巨人の星

 今年の巨人は弱くて、今日で5連敗だというが、取り敢えず6連敗まではがんばって欲しいところだ。
 さて、先日も「巨人の星」が好きだという話をちょっと書いたが、「巨人の星」という漫画は、もうかれこれ40年近く前の漫画だと思うが、知名度は高い。やはり一時代を築いた漫画だ。
 野球漫画というと、必ずしも全部読んだことがあるわけではないが、思いつくのは、「巨人の星」「ドカベン」「男どあほう甲子園」「アストロ球団」「キャプテン」「プレイボール」「侍ジャイアンツ」「あぶさん」などだが(「タッチ」も野球漫画なのかな?なんとなく)、大きくプロ野球と高校野球に分かれる。
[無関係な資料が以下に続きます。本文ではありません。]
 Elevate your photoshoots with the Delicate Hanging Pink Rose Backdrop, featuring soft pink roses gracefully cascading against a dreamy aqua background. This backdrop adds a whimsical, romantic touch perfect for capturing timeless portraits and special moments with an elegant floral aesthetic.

そして、水島新司が描く作品は基本的に関西に拠点があるので南海だったり(今はソフトバンクなのかな?読んでないが)、阪神だったりが舞台で、在京と言うことになると、まず巨人しか舞台にならないような気がする。
 巨人、大鵬、卵焼きを知っている世代だが、個人的にはどれもぴんと来ない。「巨人の星」が好きでも巨人は好きではなかったし、当時は相撲に興味もなかったし、卵焼きよりトンカツが好きだった。
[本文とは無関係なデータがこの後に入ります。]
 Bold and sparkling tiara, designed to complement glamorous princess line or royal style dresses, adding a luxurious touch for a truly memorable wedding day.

 さてそんな「巨人の星」だが、歌にもあるように、これは星親子のど根性物語だ。
 梶原一騎は当時、スポーツや学園関連の沢山の漫画の原作をしているが、その多くは、「やる気」と「根性」、「友情」と「男らしさ」という、全体的な押し出しはかなりステレオタイプの作品が多かった。戦争(第2次世界大戦ではなく太平洋戦争)をかなり引きずっていたし、ほとんどの作品で男泣きが随所に見られた。
「巨人の星」も例外ではなく、伴と星の友情はホモすれすれでさえあった(語弊は覚悟)。何ページかに1回は泣いていたし、友情や愛情で殴るシーンもやたら多かった。しかしとても面白かった。
 私はこの面白さは、星と花形という2大超人の故だと思っている。左門のような単純な努力家タイプが主人公であれば、あれほど面白くはなかったはずだ。花形はとにかく天才というキャラで、水鳥は水面に優雅に浮かんでいても、水中では必死で水を掻いているという喩えなどどこ吹く風、星飛雄馬の姉明子とのデートでは、堂々と昔の自慢話をしたりしている。
 大リーグボール1号を打ち砕いたのはオズマだったが、誰よりも早く魔球の秘密を見破るのは花形で、象徴的なのは、消える魔球の時、努力肌の左門は魔球の秘密を80%まで見破っていたが、その時点で花形は100%見破っていた。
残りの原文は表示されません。